Pare de etiquetar coisas, pessoas e eventos que você não entende.
Pare de chamá-los de "estranhos" ou "diferentes". Tente abrir sua mente, pouco a pouco.
As mentes só funcionam quando estão abertas.
"A forma mais alta de ignorância é quando você rejeita algo sobre o qual você não sabe nada a este respeito" (Wayne Dyer).

11) DESISTA DOS SEUS MEDOS!

Medo é só uma ilusão.
Ele não existe, você o criou, está tudo em sua mente.
Corrija o seu interior e tudo no seu exterior irá se encaixar.
"A única coisa que nós temos que temer é o próprio medo" (Franklin D. Roosevelt)

12) DESISTA DAS SUAS DESCULPAS!

Coloque-as em um pacote e diga a elas que estão despedidas.
Você não mais precisa delas. Um monte de vezes nós limitamos a nós mesmos por causa das muitas desculpas que nós usamos.
Ao invés de crescer e melhorarmos nossas vidas, nós nos tornamos reféns, mentindo para nós mesmos, usando todo tipo de desculpas, nos prendendo muitas vezes ha um passado distante (se não fosse aquele tombo...).

13) DESISTA DO SEU PASSADO!

Eu sei, é difícil, especialmente quando o passado parece tão melhor do que o presente, e o futuro um pouco assustador.
O passado é passado, se aproveitou, ótimo, se não aproveitou, paciência.
Esteja presente em tudo o que você faz hoje, e aproveite sua vida.
O futuro é um lugar, não um tempo, que você está construindo hoje!!!

14) DESISTA DO APEGO!

Este é um conceito difícil de se compreender, mas é possível.
Quando não se apega as coisas, enche-se mais de paz, torna-se tolerante, gentil e sereno.
Isto não significa que você não tem amor as coisas, mas você se livra do medo em perdê-las.
Lembre-se: estamos falando de felicidade.

15) DESISTA DE VIVER SUA VIDA ATRAVÉS DAS EXPECTATIVAS DAS OUTRAS PESSOAS!

Muitas pessoas estão vivendo a vida que não é a delas.
Elas vivem de acordo com o que os outros pensam que é melhor para elas.
Ignoram suas vozes interiores.
Estão tão preocupadas em agradar todo mundo, em atender as expectativas dos outros que mortificam suas vidas.
Esquecem o que as tornam felizes.


Você tem uma vida, esta aqui, e precisa vivê-la.
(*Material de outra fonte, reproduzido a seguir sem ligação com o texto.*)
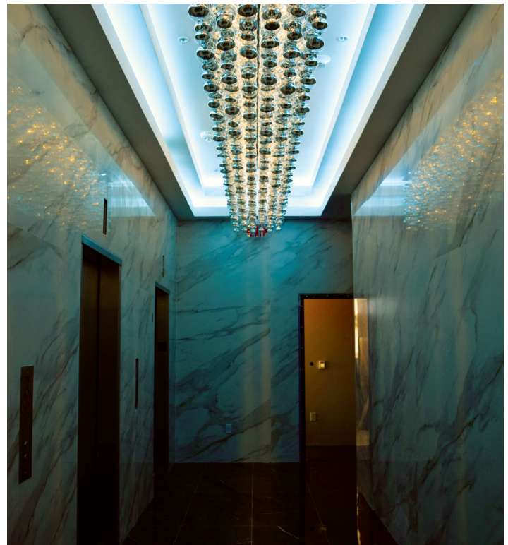
Though the renovation was a retrofit and somewhat constrained by the building being listed on the National Historic Register, the simple elegance of PoE systems allowed the in-house designer to create a unique, energy-efficient ambiance both in this elevator bank and throughout the rest of the hotel.

Há tantos de nós que não conseguem suportar a idéia de estarmos errados, querendo sempre estar certos, mesmo sob o risco de terminar grandes relacionamentos ou causar um grande nível de estresse e dor, para nós e para outros.
Isso não vale a pena. Quando você sentir a necessidade “urgente” de entrar em uma briga sobre quem está certo e quem está errado, pergunte a si mesmo o seguinte:
“Eu preferiria ser a pessoa certa ou a pessoa gentil? Que diferença isso vai fazer? O meu ego é realmente grande desse jeito?”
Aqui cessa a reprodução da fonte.